[Items from a data source]
┄┄┄┄┄┄┄┄┄┄

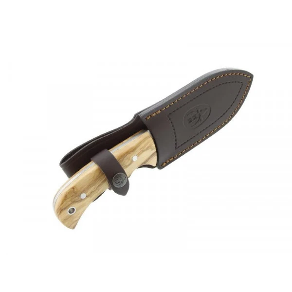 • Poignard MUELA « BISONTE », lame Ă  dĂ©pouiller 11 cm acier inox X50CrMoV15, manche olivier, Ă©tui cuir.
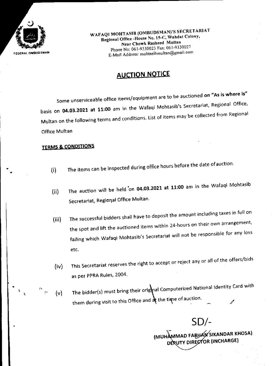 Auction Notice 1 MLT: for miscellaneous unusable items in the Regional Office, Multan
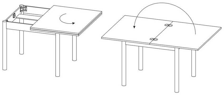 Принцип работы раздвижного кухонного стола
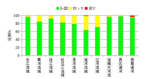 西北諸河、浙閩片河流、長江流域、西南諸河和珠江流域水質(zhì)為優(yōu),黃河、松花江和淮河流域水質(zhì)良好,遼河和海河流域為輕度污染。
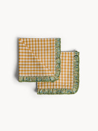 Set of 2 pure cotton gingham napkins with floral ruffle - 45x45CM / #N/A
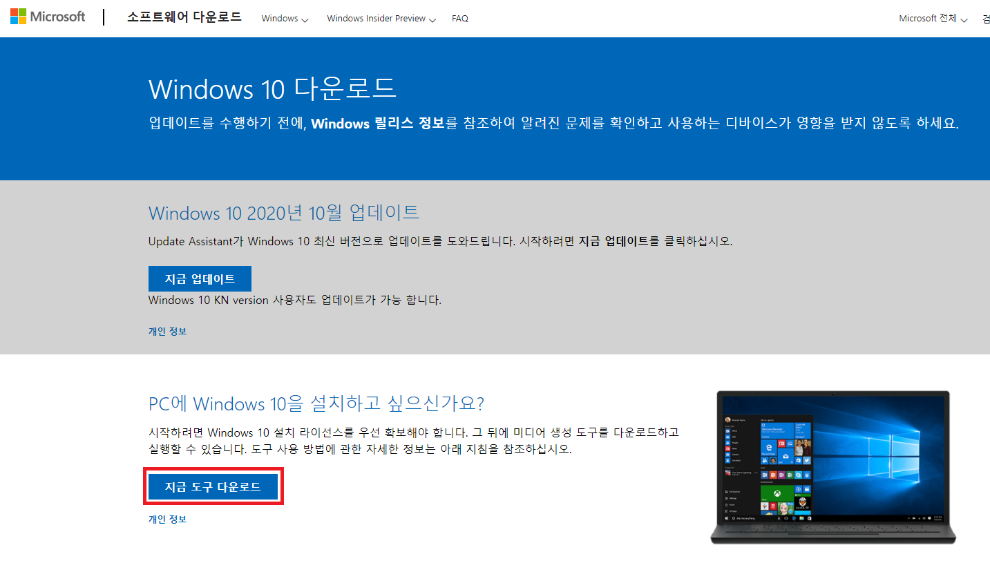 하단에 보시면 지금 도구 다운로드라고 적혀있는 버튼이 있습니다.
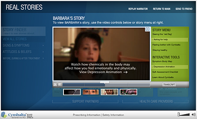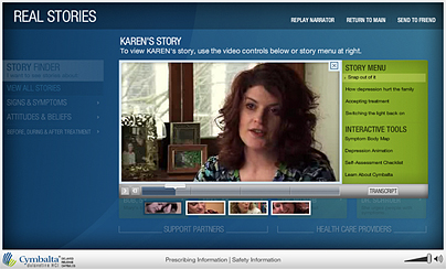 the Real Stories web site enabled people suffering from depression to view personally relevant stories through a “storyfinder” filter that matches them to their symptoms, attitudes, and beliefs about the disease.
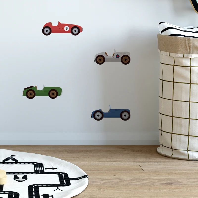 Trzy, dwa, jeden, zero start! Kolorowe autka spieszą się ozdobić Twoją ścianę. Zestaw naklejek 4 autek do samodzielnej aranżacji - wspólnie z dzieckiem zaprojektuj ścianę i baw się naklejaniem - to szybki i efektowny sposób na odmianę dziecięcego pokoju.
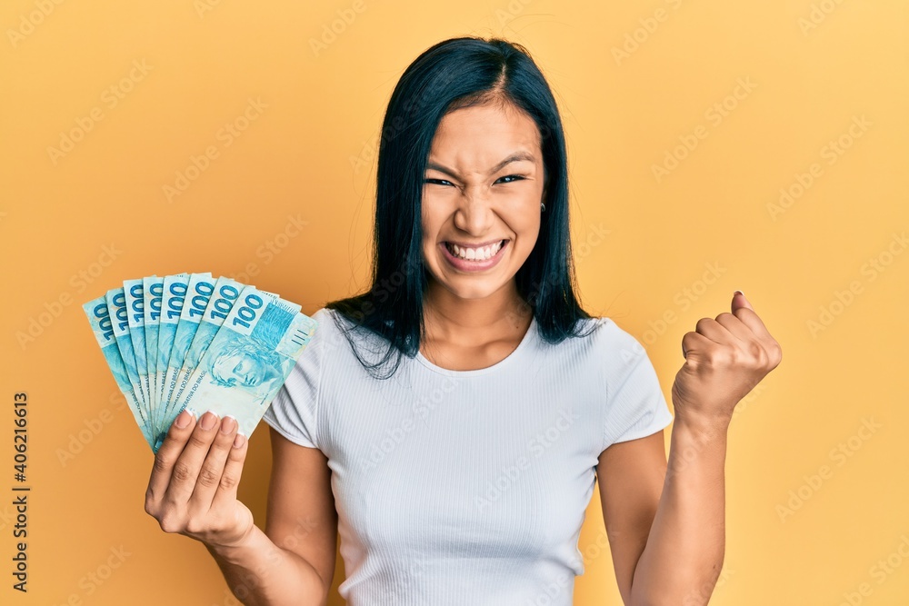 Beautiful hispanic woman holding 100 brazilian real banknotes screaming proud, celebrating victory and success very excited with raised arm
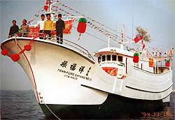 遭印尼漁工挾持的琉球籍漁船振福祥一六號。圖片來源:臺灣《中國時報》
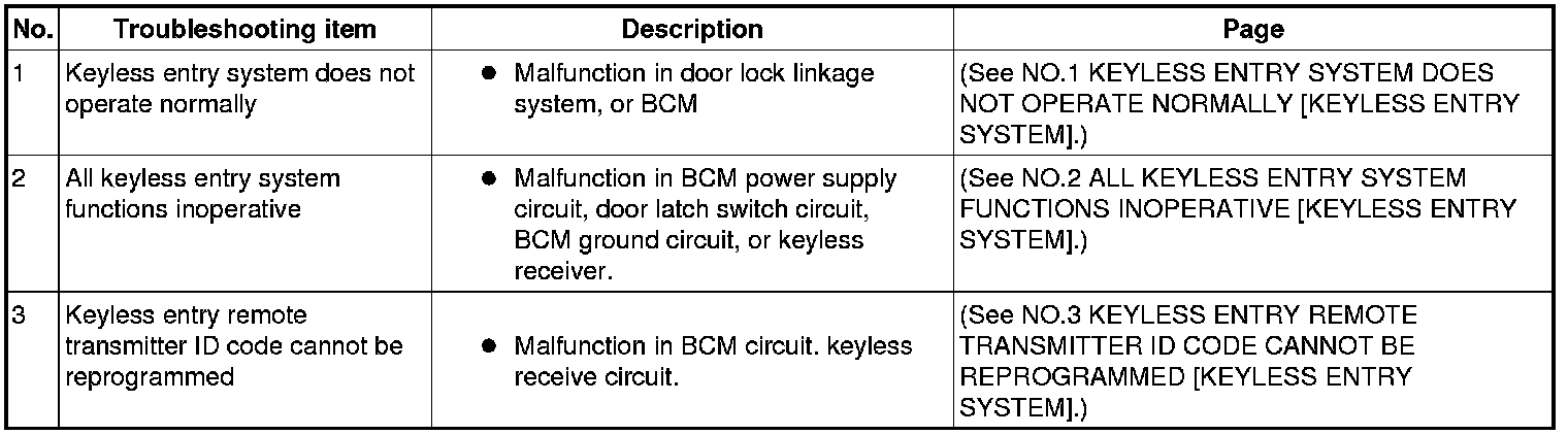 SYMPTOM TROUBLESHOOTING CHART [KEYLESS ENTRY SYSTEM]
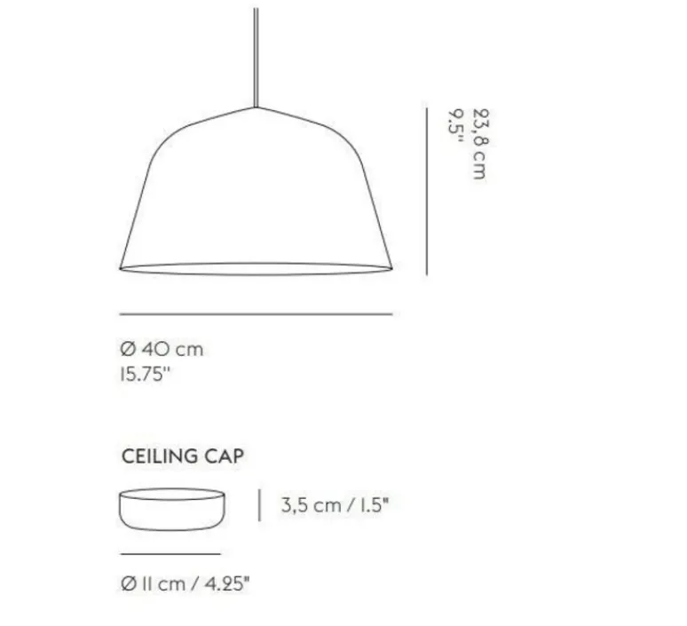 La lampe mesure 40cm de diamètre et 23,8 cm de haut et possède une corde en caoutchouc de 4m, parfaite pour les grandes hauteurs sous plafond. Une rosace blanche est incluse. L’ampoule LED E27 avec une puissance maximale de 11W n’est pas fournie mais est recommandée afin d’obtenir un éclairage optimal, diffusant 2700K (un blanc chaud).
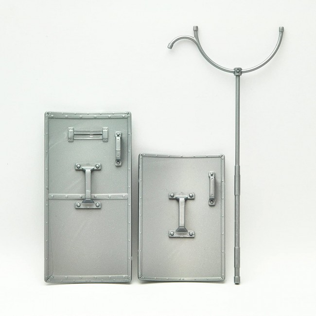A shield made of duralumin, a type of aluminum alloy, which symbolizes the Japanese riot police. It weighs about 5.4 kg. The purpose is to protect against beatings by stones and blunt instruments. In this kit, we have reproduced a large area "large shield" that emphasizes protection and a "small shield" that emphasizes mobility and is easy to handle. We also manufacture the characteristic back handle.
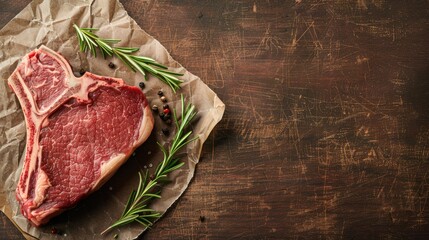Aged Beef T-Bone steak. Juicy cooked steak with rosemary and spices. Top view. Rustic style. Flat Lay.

┄┄┄┄┄┄┄┄┄┄

Only the lines above from the one containing "遭印尼漁工挾持的琉球籍漁船振福祥一六號。圖片來源:臺灣《中國時報》" through the one containing "La lampe mesure" should be returned, verbatim and inclusive, with pictures excluded.

 遭印尼漁工挾持的琉球籍漁船振福祥一六號。圖片來源:臺灣《中國時報》
 SYMPTOM TROUBLESHOOTING CHART [KEYLESS ENTRY SYSTEM]
 La lampe mesure 40cm de diamètre et 23,8 cm de haut et possède une corde en caoutchouc de 4m, parfaite pour les grandes hauteurs sous plafond. Une rosace blanche est incluse. L’ampoule LED E27 avec une puissance maximale de 11W n’est pas fournie mais est recommandée afin d’obtenir un éclairage optimal, diffusant 2700K (un blanc chaud).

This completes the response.